Immigration alters the number of workers in the economy and increases the supply of labour in certain industries. But immigration also expands demand for goods and services as new people come to live in a country and so results in new jobs and increases demand for workers.

According to a report by The Migration Observatory at the University of Oxford Centre on Migration, Policy and Society, the impact of migration on wages and employment prospects for U.K.-born workers are small. Several studies have examined whether immigration leads to higher unemployment or lower wages among existing workers, and most have found either small or no effects.

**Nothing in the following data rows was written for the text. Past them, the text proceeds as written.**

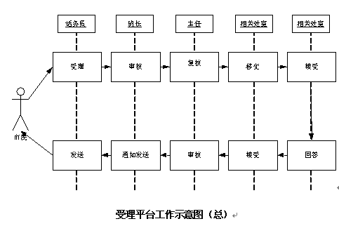 受理平臺包括:投訴受理、建議受理和疑難受理,數(shù)據(jù)扭轉(zhuǎn)都是工作流。所以系統(tǒng)設計時,我們采用工作流的實現(xiàn)方式,自定義數(shù)據(jù)類型、數(shù)據(jù)節(jié)點以及數(shù)據(jù)流向。下面列出一種常用的業(yè)務受理模式,說明業(yè)務的實現(xiàn)方法。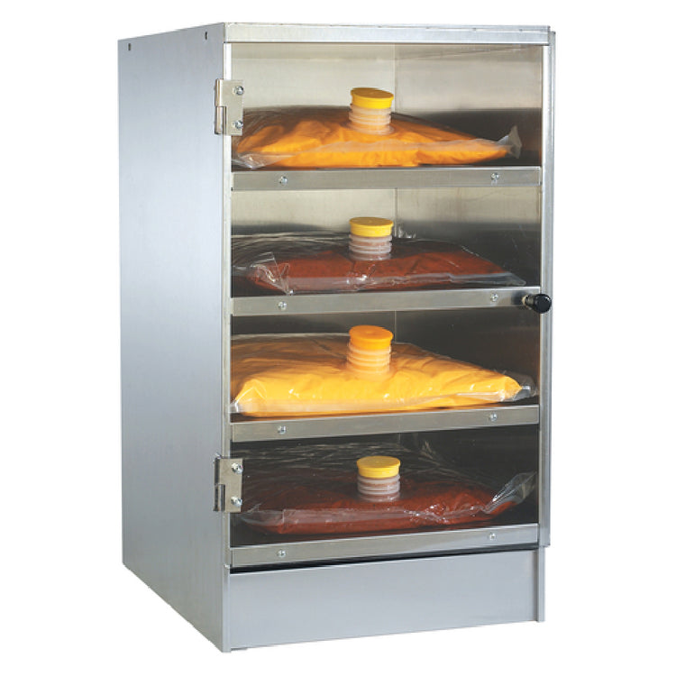 The Gold Medal 2264 Bag Cheese & Chili Pre-Warmer is a specialized appliance designed to accommodate (4) standard chili or cheese bags, making it an essential tool for food service establishments that require efficient warming solutions. This model features (4) heated shelves with adjustable temperature control, allowing users to customize heat settings for optimal results. Operating at 200 watts, this pre-warmer ensures consistent and reliable performance while maintaining energy efficiency. It requires a 120v/60/1-ph electrical connection and is equipped with a NEMA 5-15P plug, making it compatible with standard outlets. The Gold Medal 2264 pre-warmer is cULus certified, indicating compliance with rigorous safety standards, and NSF certified, ensuring it meets public health and sanitation requirements. This product is particularly valuable for concession stands, cinemas, and restaurants that serve hot cheese or chili in high volumes, providing a practical and efficient solution for keeping these items warm and ready to serve. The adjustability and certification of this pre-warmer underline its commitment to quality, safety, and functionality, offering a dependable choice for professionals in the food service industry who need to maintain the temperature of their cheese and chili products efficiently.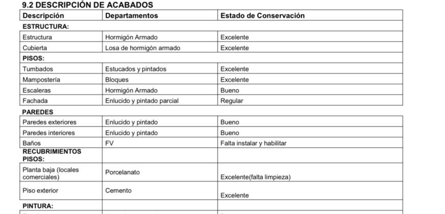 de servicio, educación y comercio. En el terreno se encuentra implantado una edificación con 3 departamentos y 2 locales comerciales.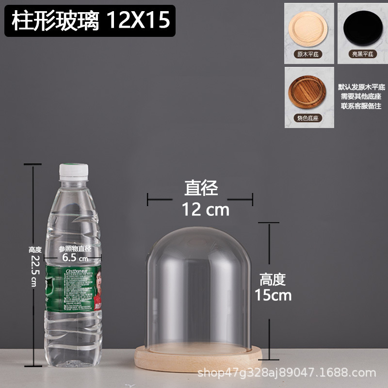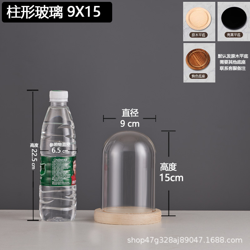 cylindrical 9*15 glass cover + solid wood base
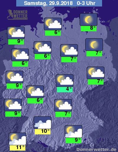 In der Nacht zeigt sich der Himmel meist locker oder aufgelockert bewölkt, entlang der Oder sowie später auch im Süden Baden-Württembergs kann es im Nachtverlauf auch aufklaren. Schauer sind nicht zu erwarten.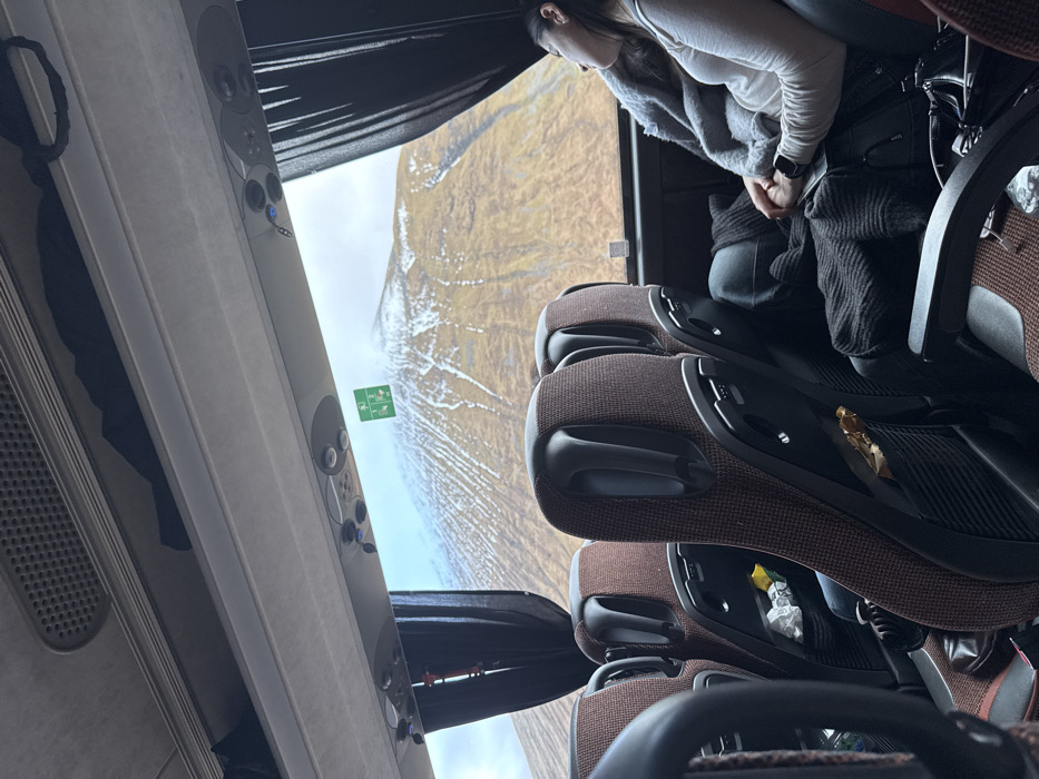 The scene depicts the interior of a passenger coach in the vicinity of Bridge of Orchy, United Kingdom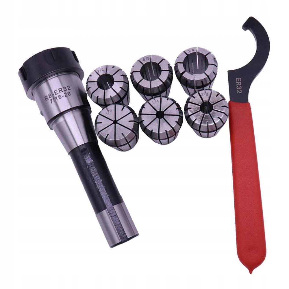 упаковка включает: 1 шт. R8 хвостовик ER32 цанговый патрон. 6 шт. Набор пружинных втулок ER32, 1 шт. Гаечный ключ ER32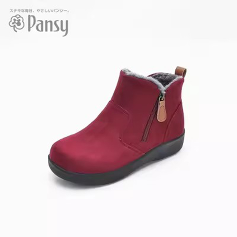 日本品牌pansy女士双拉链含羊毛休闲靴·酒红色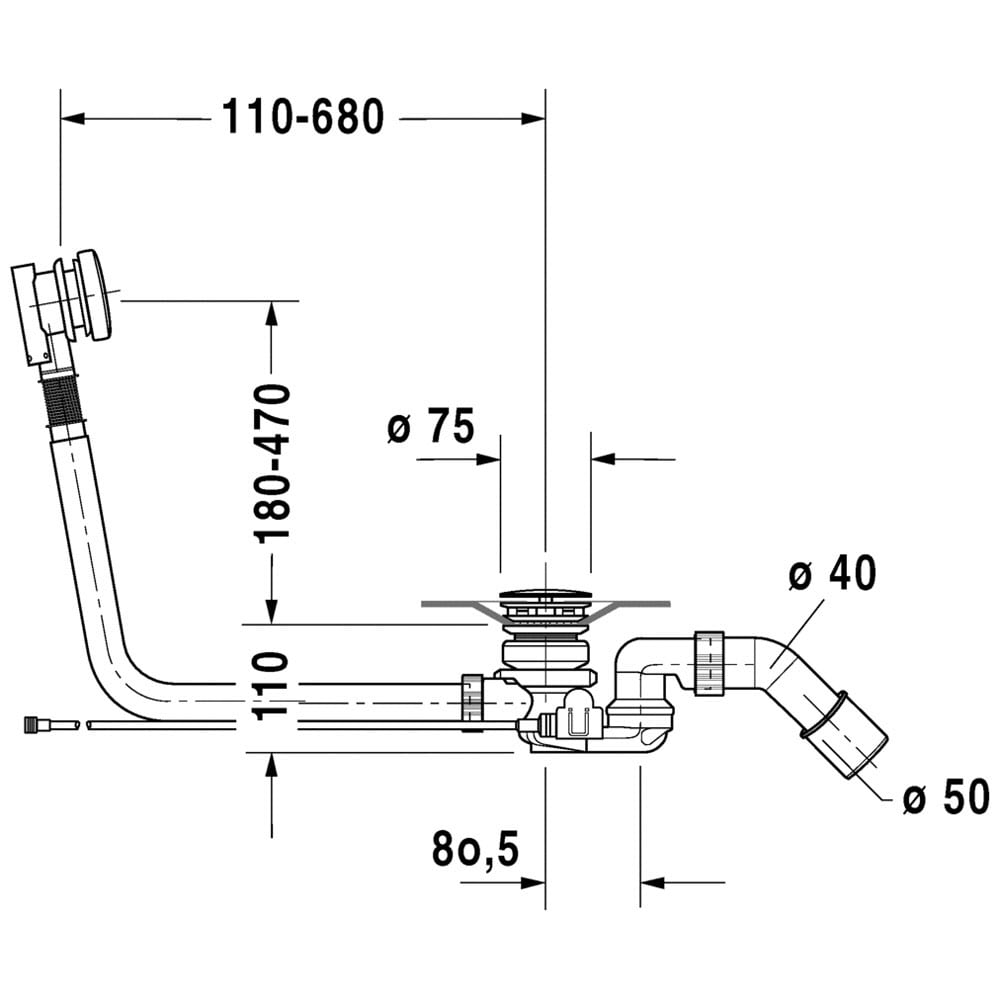 Duravit Ab- und Überlaufgarnitur Quadroval mit Bodenzulauf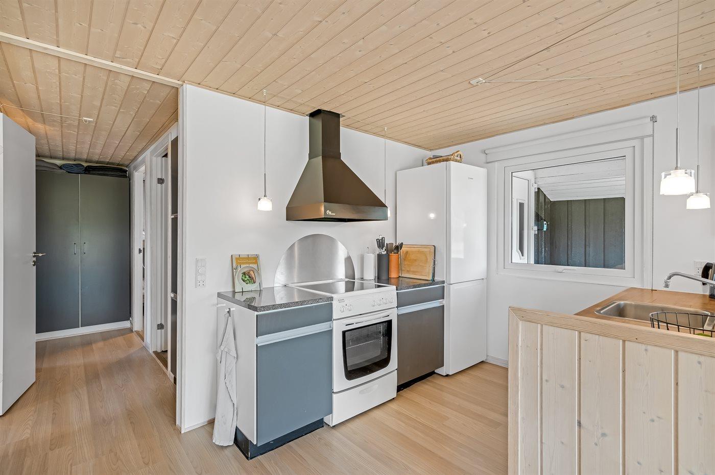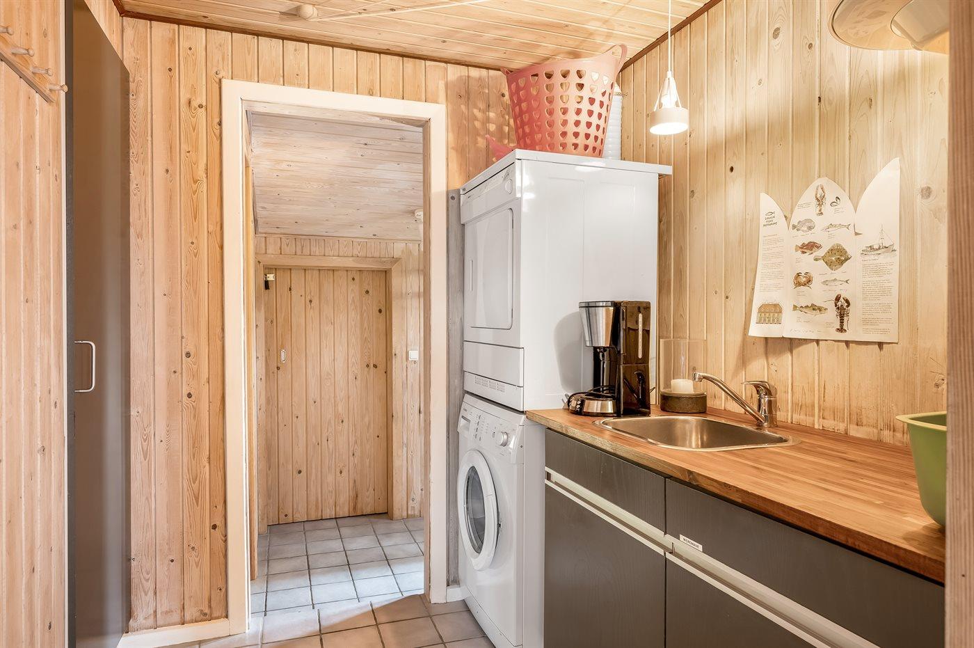 Køkkenet er udstyret med 1 køleskab. Der er 4 keramiske kogeplader, varmluftovn, mikrobølgeovn samt opvaskemaskine.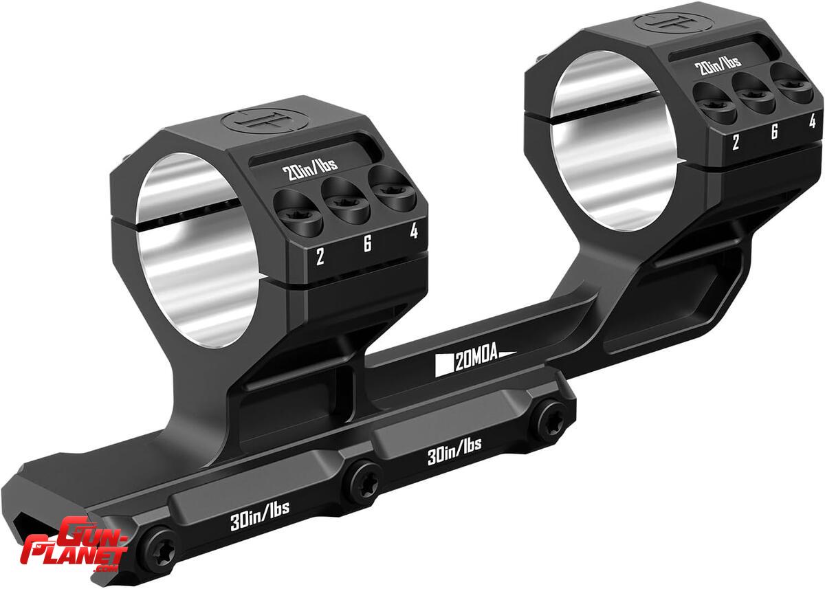 Anillas monopieza para miras telescópicas de calidad premium para tubo de 34 mm con inclinación integrada de 20 MOA (aprox. 5,8 mrad). Esta pendiente genera un valioso rango adicional de ajuste vertical en la retícula, permitiendo compensar la caída de bala a distancias extremas sin “topar” las torretas de elevación.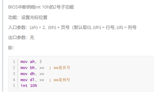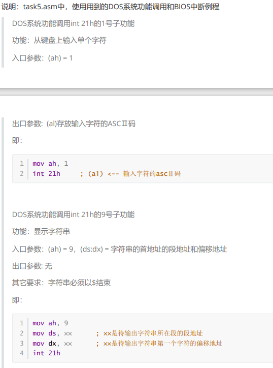 说明:task5.asm中,使用用到的DOS系统功能调用和BIOS中断例程
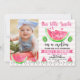 Lixado cor-de-rosa Um em um belo convite para primeiro aniversario de fotografia de Melon Rapariga em um primeiro convite de aniversário de fotografia de melão com uma fatia de melancia grande, texto caligrafia de pincel de aquarela, pontos pretos, faixa rosa e um plano de fundo listrado cor-de-rosa.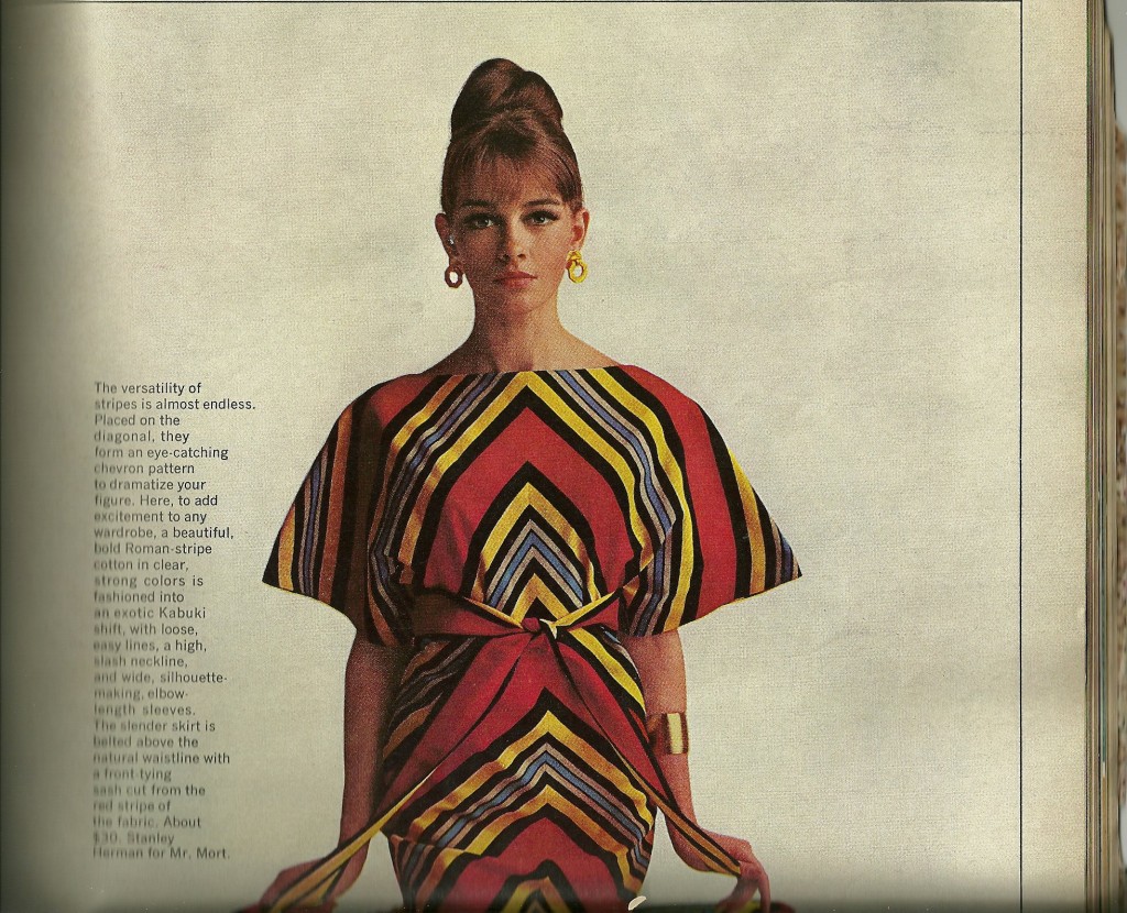 From the magazine: “The versatility of stripes is almost endless. Place on the diagonal, they for an eye-catching chevron pattern to dramatize your figure. Here to add excitement to any wardrobe, a beautiful bold Roman-stripe cotton in clear, strong colors is fashioned into an exotic Kabuki shift, with loose, easy lines, a high, slash neckline and wide, silhouette-making, elbow-length sleeves. The slender skirt is belted above the natural waistline with a front-tying sash cut from the red stripe of the fabric. About $30. Stanley Herman for Mr. Mort.”

The report said that the Migration Advisory Committee in 2018 reviewed the results of studies conducted between 2003 and 2018 and drew three conclusions. First, immigration had little or no impact on average employment or unemployment of existing workers. Second, where an impact was found, it was usually concentrated in certain groups – it had a negative effect for those with lower education and a positive effect for those with higher levels of education. And third, the impact may depend on the economic cycle; some—though not all—studies have found adverse effects on employment or unemployment, specifically during downturns.

The MAC review also concluded that immigration had had little impact on average wages, according to previous research. Some studies had found a small negative impact on average wages, while others found positive average effects. Low-paid workers were negatively affected, while there were positive effects on high-paid workers, although both effects were small.

For example, a 2022 study found that immigration to the U.K. from 1994 to 2016 reduced the hourly wage of U.K.-born wage earners at the 5th percentile (i.e. the lowest earners in the labour market) by around half of one pence per year. The gains for top earners were also small: 1.7p per year for people at the 90th percentile of wage earners. Another study focusing on wage effects at the occupational level found that, in low-wage service sector jobs, a 1 percentage point rise in the share of migrants reduced average wages in that occupation by about 0.2 percent. These results are broadly similar to findings from other studies.

According to research any adverse wage effects of immigration are likely to be greatest for resident workers who are themselves migrants. This is because the skills of new migrants are likely to be closer substitutes for the skills of migrants already employed in the UK than for those of U.K.-born workers.

One U.K. study concluded that the main impact of increased immigration from 1975 to 2005 was on the wages of migrants already in the U.K. The finding that negative impacts on wages fall primarily on people who migrated themselves is consistent with earlier research from the United States, according to the Migration Observatory report.